Exercise aim:
Setting pictures aside, output exactly the lines from the start of the records to the line with "- Acetilación - por", that line included.

(Saved entries)
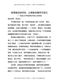 在高三月考成绩分析会上的讲话:把课堂还给学生,让课堂充满学习活力.doc
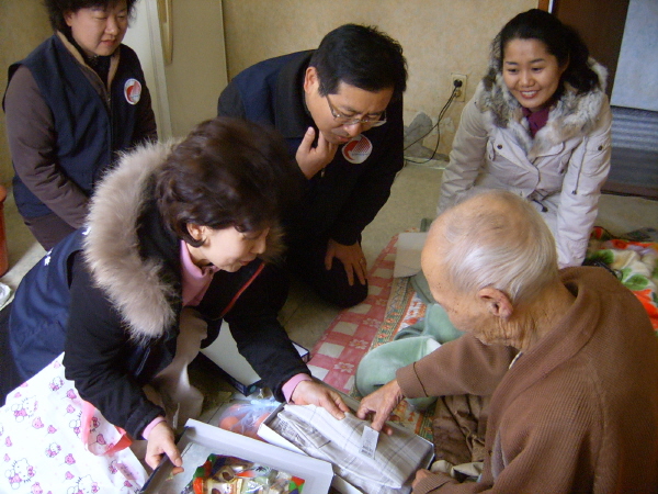 (재가어르신-내복, 사탕 및 과자, 귤 / 아동-내복, 저금통)
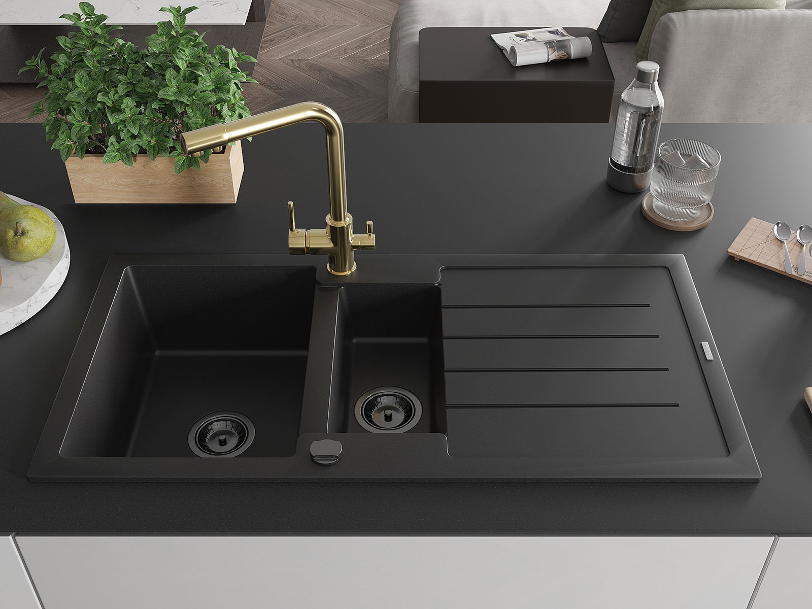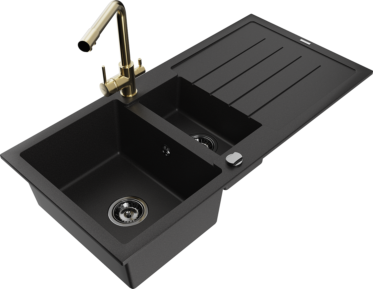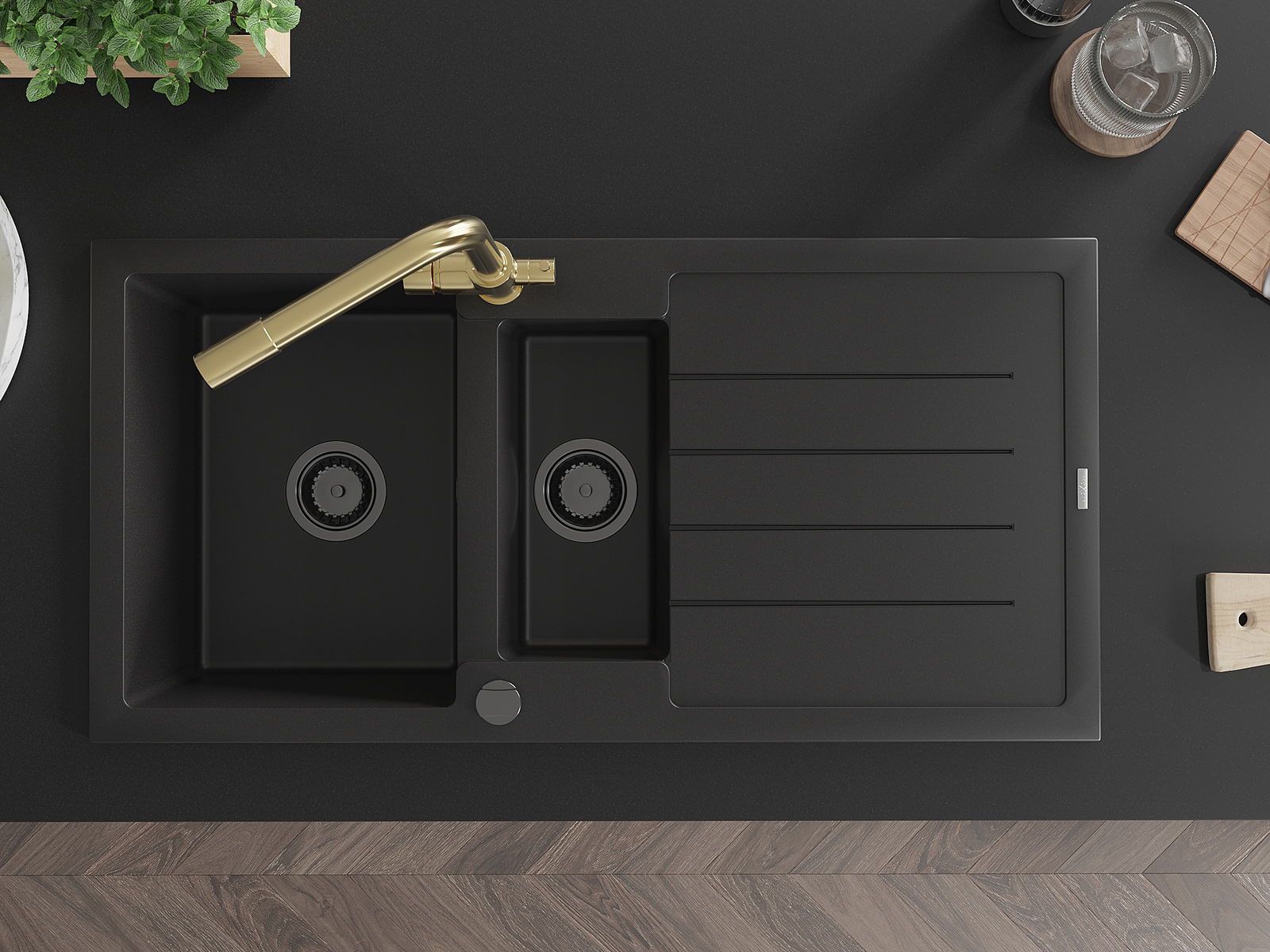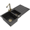 Mexen Andres granitový dřez 1,5-komorový s odkapávačem a kuchyňskou baterií Duero, černý - 6515-77-671600-50-B
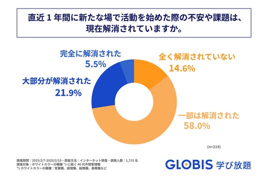 新たな場で活動を始めてから6カ月以上が経過したと回答した人に、当時の不安や課題は解消されたかを尋ねたところ、最も多かったのは「一部は解消された」で58.0%でした。「大部分が解消された」(21.9%)と「完全に解消された」(5.5%)の合計は3割未満に留まり、7割以上の人が、新たな場で活動を始めてから6カ月以上経過しても、悩みや課題が解消されていないということが判明しました(図4)。
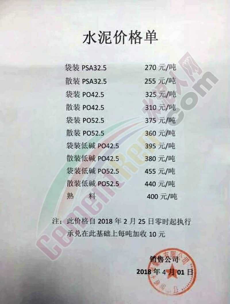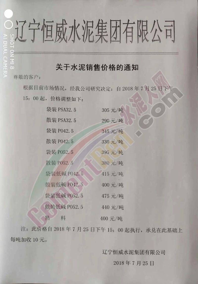 【水泥人網(wǎng)】昨日(25日)遼寧恒威水泥集團(tuán)有限公司發(fā)布關(guān)于水泥銷售價(jià)格的通知,通知稱,根據(jù)目前市場(chǎng)情況,經(jīng)公司研究決定,自2018年7月25日下午15時(shí)起,調(diào)整各品種水泥產(chǎn)品價(jià)格。詳情如下:
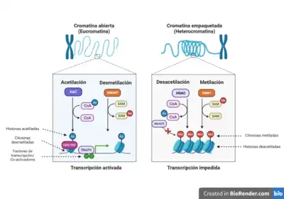 - Acetilación - por HAT (histona acetiltransferasas); desacetilación - por HDAC (histona deacetilasas)
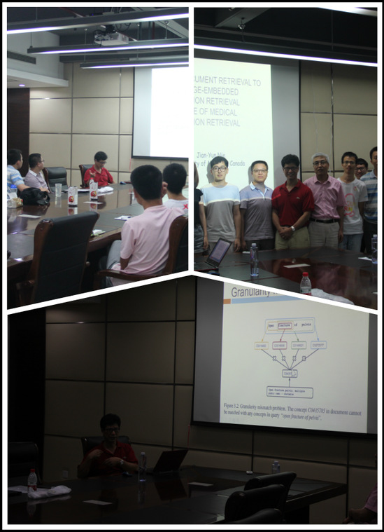 苗夺谦教授邀请,信息检索领域国际著名学者、加拿大蒙特利尔大学聂建云教授在智信馆305会议室作了题为“From document retrieval to knowledge-embedded information retrieval – the case of medical information retrieval”的学术报告,这也是计算机科学与技术系智信讲坛第107期内容。
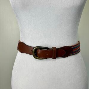 Vintage Liz Claiborne Woven Belt Leather USA Medium Southwestern Preppy
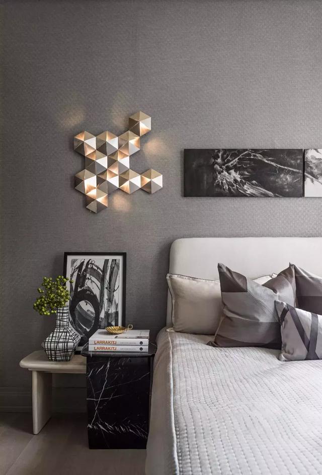 色調中金色點綴著灰色,整個空間沉穩又不乏時尚。細膩質感勾勒出的幾何線條,沉溺在陽光的溫度下,與幾何裝飾共舞,那是夢想照進現實的生機盎然。
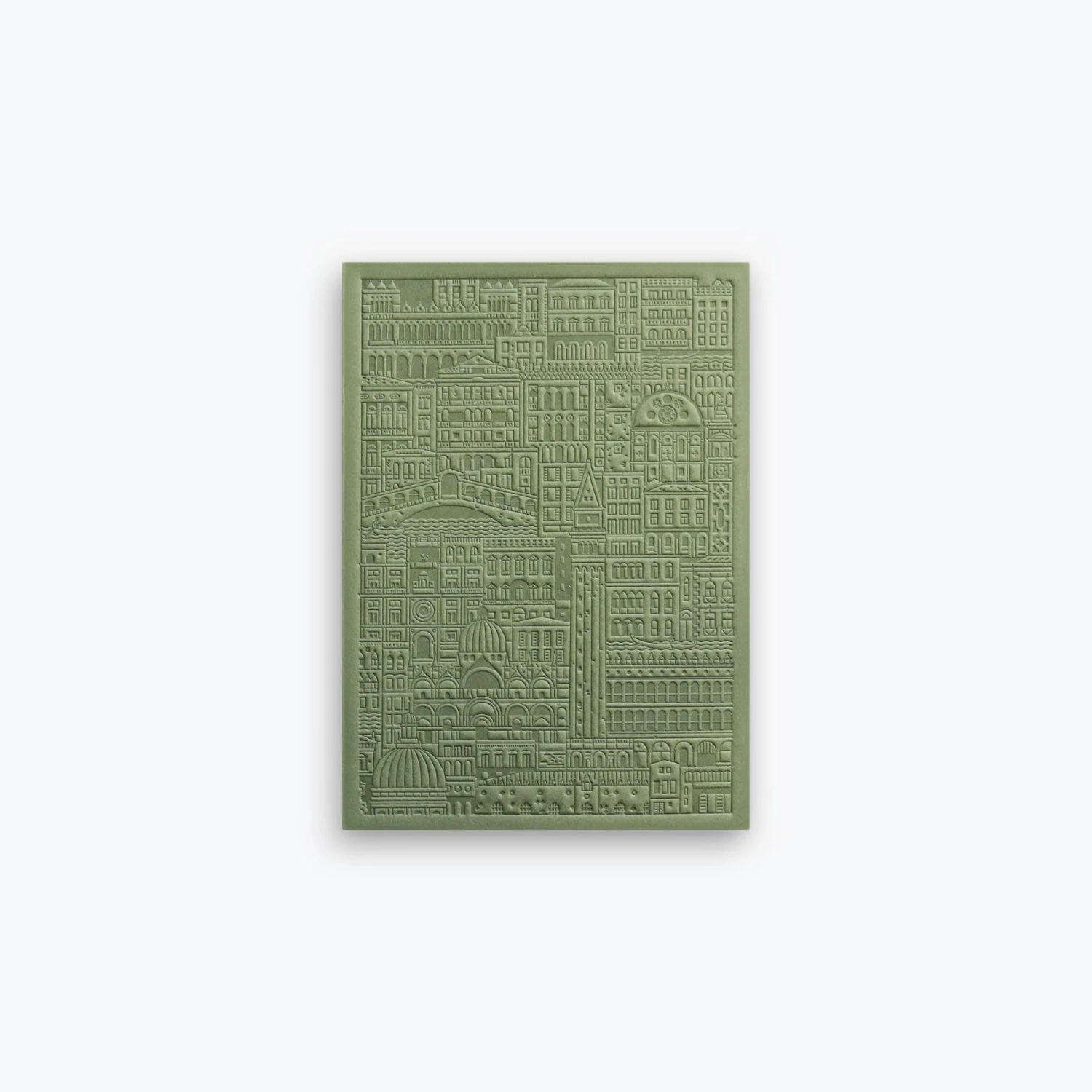 Venice, the city built on water, is intricately inscribed into this high-quality notebook. The green cover features iconic landmarks including the canals, Rialto Bridge, Saint Mark’s Basillica and Doge’s Palace – how many can you find?
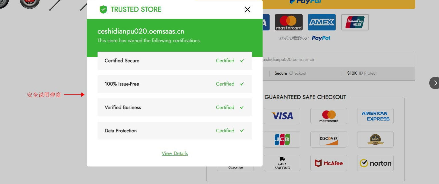在店铺的特定页面添加一些信任徽章,可以赢得客户信任,激励他们继续留在您的店里并安心地购买产品,从而提升下单转化率和店铺销售额;若店铺需要搭建专业化、场景化的网站安全提醒,推荐您使用网站安全(增强)并按照实际需求配置。
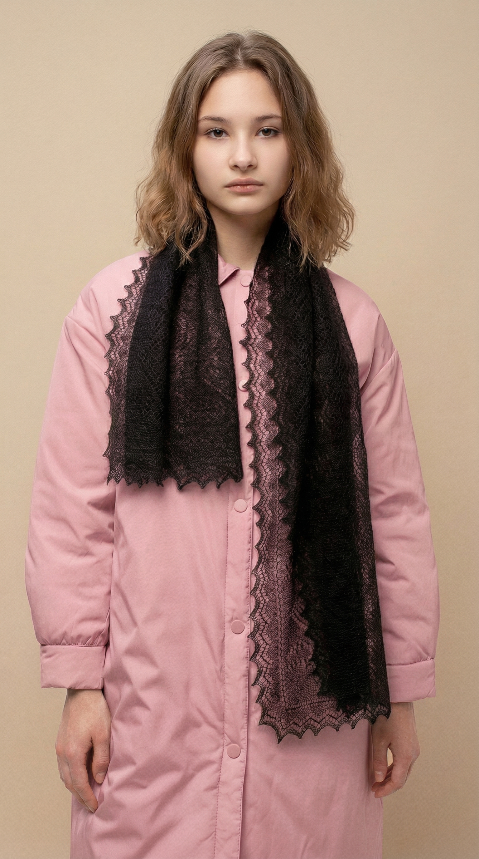 Универсальный нежный шарфик в благородном чёрном цвете. Натуральный шёлк в составе придаёт изделию особую нежность и пластичность, благодаря которым изделие мягко струится, обволакивая хозяйку теплом и уютом. Платок идеально подходит для верхней одежды с открытым горлом, создавая защиту от непогоды без чрезмерного объёма; также его можно использовать как акцентный аксессуар, завязывая необычными способами в виде банта или цветка при помощи колец и чудо-пуговиц из нашего ассортимента.
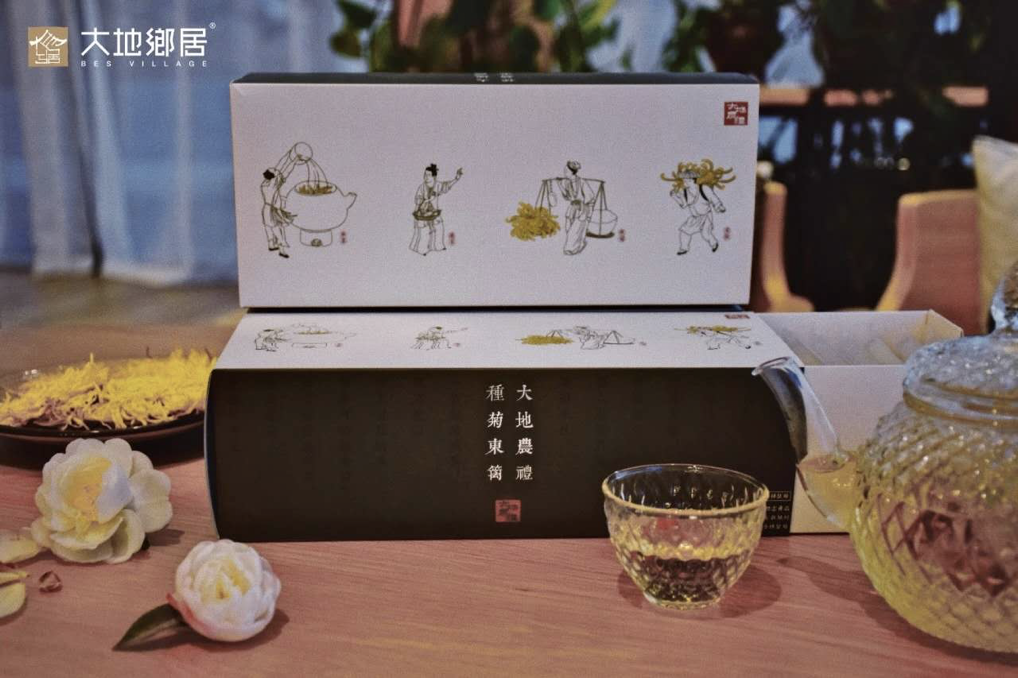 另一個(gè)例子是我們?cè)诖蟮剜l(xiāng)居鶴影里項(xiàng)目中開(kāi)發(fā)的大地農(nóng)禮金絲皇菊。菊花是當(dāng)?shù)胤浅V匾奶厣r(nóng)產(chǎn)品。我們從這個(gè)產(chǎn)品出發(fā),做了一個(gè)主題化的深度體驗(yàn)的鏈條,包括清晨去菊花田采菊,然后去菊花工坊進(jìn)行烘茶體驗(yàn),花田里的下午茶,以及文創(chuàng)茶飲的銷(xiāo)售,形成一個(gè)完整的鄉(xiāng)村文創(chuàng)體驗(yàn)閉環(huán)。

Task response:
 在高三月考成绩分析会上的讲话:把课堂还给学生,让课堂充满学习活力.doc
 (재가어르신-내복, 사탕 및 과자, 귤 / 아동-내복, 저금통)
 Mexen Andres granitový dřez 1,5-komorový s odkapávačem a kuchyňskou baterií Duero, černý - 6515-77-671600-50-B
 新たな場で活動を始めてから6カ月以上が経過したと回答した人に、当時の不安や課題は解消されたかを尋ねたところ、最も多かったのは「一部は解消された」で58.0%でした。「大部分が解消された」(21.9%)と「完全に解消された」(5.5%)の合計は3割未満に留まり、7割以上の人が、新たな場で活動を始めてから6カ月以上経過しても、悩みや課題が解消されていないということが判明しました(図4)。
 【水泥人網(wǎng)】昨日(25日)遼寧恒威水泥集團(tuán)有限公司發(fā)布關(guān)于水泥銷售價(jià)格的通知,通知稱,根據(jù)目前市場(chǎng)情況,經(jīng)公司研究決定,自2018年7月25日下午15時(shí)起,調(diào)整各品種水泥產(chǎn)品價(jià)格。詳情如下:
 - Acetilación - por HAT (histona acetiltransferasas); desacetilación - por HDAC (histona deacetilasas)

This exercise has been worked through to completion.